SET defaults.topic.autocreate=true;

INSERT INTO
  readings
SELECT STREAM
  meter_id,
  reading
FROM
  batched_readings
  LATERAL readings as reading

The magic happens in batched_readings LATERAL readings as reading. With that we are basically saying:

  • for each record in batched_readings
  • for each element inside the readings array of that record
  • build a new record with all the fields of the original batched_readings record, plus an extra reading field, that will contain the value of the current element of readings.

We can then use in the SELECT both the original fields and the new reading field.

If you save the processor and run it, you will see that it will emit the records we expected.

Filtering

One of the powerful features of a LATERAL join is that the expression you put in the LATERAL can be used as a normal field. This means that you can then use it for example also in a WHERE or in a GROUP BY.

In this section we will see how to filter records generated by a LATERAL using a normal WHERE.

We want to modify our previous processor in order to emit only the readings greater than 95.

To do that is enough to use reading as if it were a normal field, in the WHERE section:

SET defaults.topic.autocreate=true;

INSERT INTO
  readings
SELECT STREAM
  meter_id,
  reading
FROM
  batched_readings
  LATERAL readings as reading
WHERE
  reading > 95

Running the processor we get the records

KEY: 1
VALUE: { "meter_id": 1, "reading": 100 }
-----------------------------
KEY: 1
VALUE: { "meter_id": 1, "reading": 101 }
-----------------------------
KEY: 3
VALUE: { "meter_id": 1, "reading": 96 } 

Example 2 - Lateral Join on a multi-level array

This example is similar to the previous one.

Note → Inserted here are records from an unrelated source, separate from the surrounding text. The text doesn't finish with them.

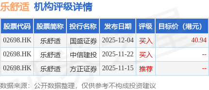 投行对该股的评级以买入为主,近90天内共有2家投行给出买入评级,近90天的目标均价为40.94港元。国盛证券最新一份研报给予乐舒适买入评级,目标价40.94港元。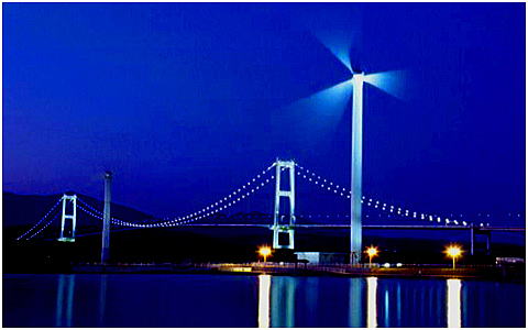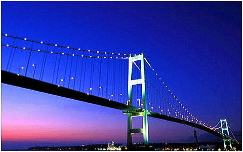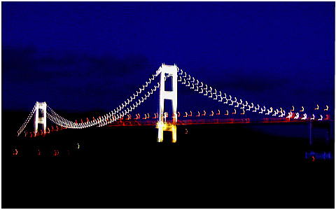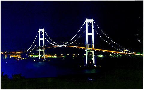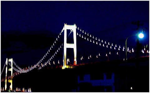 日も落ちて、白鳥大橋もライトアップ・三脚で撮っていると強い風が・・・やはりブレた〜。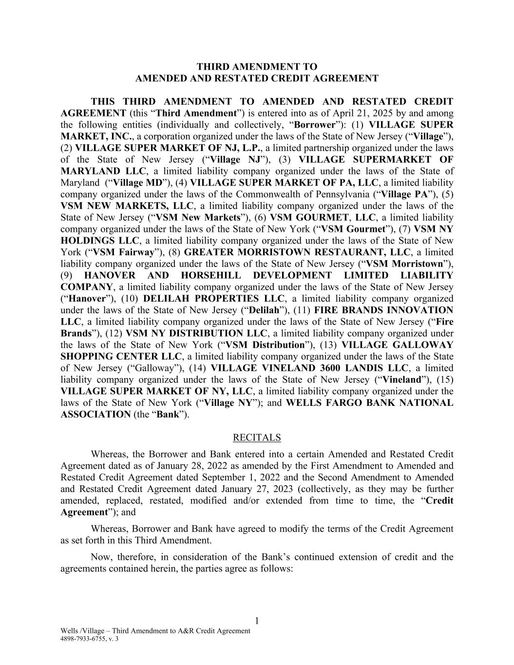 8 Wells /Village – Third Amendment to A&R Credit Agreement 4898-7933-6755, v. 3 IN WITNESS WHEREOF, the undersigned have signed and sealed this Third Amendment the day and year first above written. VILLAGE SUPER MARKET, INC. By:__________________________ Name: John Van Orden Title: Chief Financial Officer VILLAGE SUPER MARKET OF NJ, L.P. By: Village Super Market, Inc., a New Jersey corporation, its General Partner By:________________________ Name: John Van Orden Title: Chief Financial Officer VILLAGE SUPERMARKET OF MARYLAND LLC By: Village Super Market, Inc., a New Jersey corporation, its Sole Member By:_________________________ Name: John Van Orden Title: Chief Financial Officer VILLAGE SUPER MARKET OF PA, LLC By: Village Super Market, Inc., a New Jersey corporation, its Sole Member By:_________________________ Name: John Van Orden Title: Chief Financial Officer [SIGNATURE PAGES TO THE THIRD AMENDMENT TO A&R CREDIT AGREEMENT – Additional Signature Pages Follow] /s/ John Van Orden /s/ John Van Orden /s/ John Van Orden /s/ John Van Orden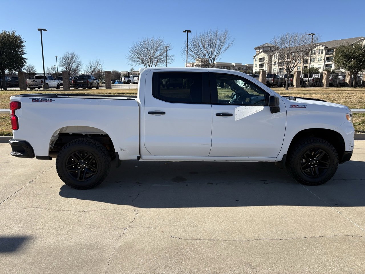 NAVIGATION / Navi / GPS, 10-Speed Automatic, 4WD, Black Cloth, 10-Way Power Driver Seat w/Lumbar, 12.3 Multicolor Reconfigurable Digital Display, 120-Volt Bed Mounted Power Outlet, 120-Volt Instrument Panel Power Outlet, 6-Speaker Audio System, All-Weather Floor Liner (LPO) (AAK), Auto-Locking Rear Differential, Bluetooth® For Phone, Chevrolet Connected Access Capable, Color-Keyed Carpeting Floor Covering, Compass, Convenience Package, Deep-Tinted Glass, Dual Rear USB Ports (Charge Only), Dual-Zone Automatic Climate Control, Electric Rear-Window Defogger, Electrical Steering Column Lock, Electronic Cruise Control, EZ Lift Power Lock & Release Tailgate, Front LED Fog Lamps, HD Rear Vision Camera, Heated Driver & Front Outboard Passenger Seats, Heated Power-Adjustable Outside Mirrors, Heated Steering Wheel, Heavy-Duty Air Filter, High Gloss Black Mirror Caps, Hill Descent Control, Hitch Guidance, Inside Rear-View Mirror w/Tilt, Keyless Open & Start, LED Cargo Area Lighting, OnStar & Chevrolet Connected Services Capable, Performance Red Recovery Hooks, Power Front Windows w/Driver Express Up/Down, Power Front Windows w/Passenger Express Down, Power Rear Windows w/Express Down, Preferred Equipment Group 2LT, Rear 60/40 Folding Bench Seat (Folds Up), Remote Vehicle Starter System, SiriusXM w/360L, Standard Tailgate, Steering Wheel Audio Controls, Suspension Package, Theft Deterrent System (Unauthorized Entry), Trailering Package, Wi-Fi Hot Spot Capable, Wireless Phone Projection, Wrapped Steering Wheel. Recent Arrival! Clean CARFAX. CARFAX One-Owner. Summit White 2023 Chevrolet Silverado 1500 LT Trail Boss EcoTec3 6.2L V8 4WD. Come visit our State-of-the-Art dealership. Our beautiful facility, service drive, amenities and HUGE selection of New & Pre-Owned vehicles make StoneBriar Chevrolet your premier choice for Chevrolet dealerships in the Dallas/Ft. Worth area. Stop by or give us a call and see how we are MAKING IT EASY! Learn your options for saving time and money, we make your purchase easy at StoneBriar Chevrolet. Call and talk to one of our dedicated Internet Managers today, they have the experience and authority to make your purchase painless and trouble free! Need financing? Call us now! Stonebriar Chevrolet proudly serving the following communities Dallas, Frisco, Plano, Allen, Mckinney, Carrollton, Little Elm, Denton, Ft Worth, Arlington, Richardson, The Colony, Grapevine, Colleyville, Lewisville and Irving.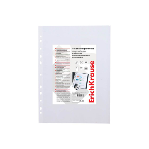Набор перфофайлов пластиковых ErichKrause Glossy Clear, 60 мкм, A4, прозрачный (в пакете по 10 шт.)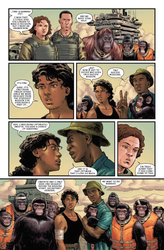 Planet Of The Apes #5 brings Marvel’s adaptation to a close as Juliana and Omatete split up to lead one group of apes to the CDC in Atlanta while the other takes up arms to fight to save Washington D.C.

The only difference is that the readings are now stored in batches of batches:

CREATE TABLE batched_readings_nested(
  meter_id int,
  nested_readings int[][]
)
FORMAT(int, AVRO);

As you can see, nested_readings is an array whose elements are array of integers.

We can again use SQL Studio to insert some data:

INSERT INTO batched_readings_nested(_key, meter_id, nested_readings) VALUES
(1, 1, [[100, 92], [93, 101]]),
(2, 2, [[81], [82, 81]]),
(3, 1, [[95, 94, 93], [96]]),
(4, 2, [[80, 82]])

We would like to define a processor that emits the same records of the previous one.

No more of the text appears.